The new insolvency law and regulations, which will come into effect on 28 August 2019, introduces a new debtor in possession bankruptcy regime in line with global practises.
Wednesday 12, June 2019
Sheikh Mohammed bin Rashid, Vice President and Ruler of Dubai, has enacted a new insolvency law for companies operating in Dubai International Financial Centre (DIFC), the largest financial centre in the Middle East, Africa and South Asia.
In a statement, the Ruler of Dubai said that the newly enacted Law No. 1 of 2019 compliments the financial centre’s commitment to international best practise, with the insolvency law aiming to balance the needs of all stakeholders in the context of distressed and bankruptcy-related situations in DIFC, facilitating a more efficient and effective bankruptcy restructuring regime.

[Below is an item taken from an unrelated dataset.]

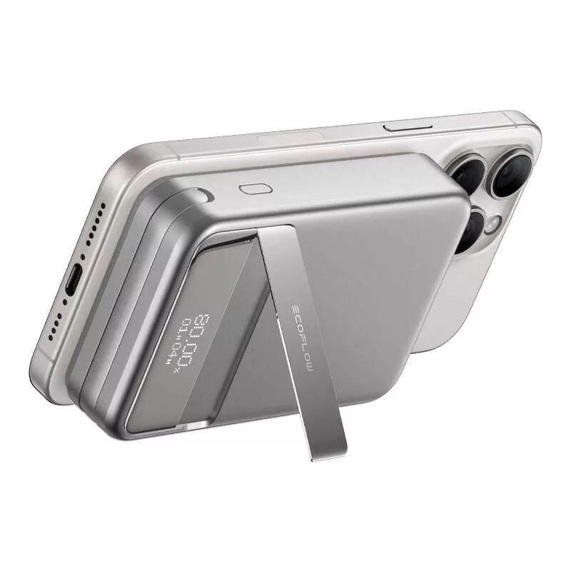Az EcoFlow termék támogatja a vezeték nélküli töltést is 15 W-os teljesítménnyel, ami lehetővé teszi a kábel nélküli gyors töltést. A Qi1.0 (5W) és Qi2.0 (15W) szabványokkal való kompatibilitás révén a powerbank a 13-as modelltől kezdve az Android készülékek és iPhone-ok vezeték nélküli energia-megújítására van szabva. Egy iPhone 15 50%-ra történő feltöltéséhez 44 perc elegendő.

HE Essa Kazim, the Governor of DIFC, said, “Ensuring that businesses and investors can operate across the region with confidence is crucial to our role in connecting the economies of East and West.”

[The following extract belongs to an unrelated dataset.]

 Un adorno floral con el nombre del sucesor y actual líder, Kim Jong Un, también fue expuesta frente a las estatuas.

The new insolvency law also provides for a new administration process where there is evidence of mismanagement or misconduct.
Similarly, the law also enhances the rules governing winding up procedures; and incorporates the UNCITRAL Model Law on cross border insolvency proceedings with certain modifications for application in the centre.
The enactment of the new law follows the collapse of Dubai-based private equity firm Abraaj, which had a DIFC-regulated entity Abraaj Capital.
Once the region’s biggest private equity firm, Abraaj Group claimed to manage almost AED 51.42 billion ($14 billion) of assets at its peak before investors such as the World Bank’s International Finance Corporation and the Bill and Melinda Gates Foundation questioned the use of their money in the company's $1bn Abraaj health fund.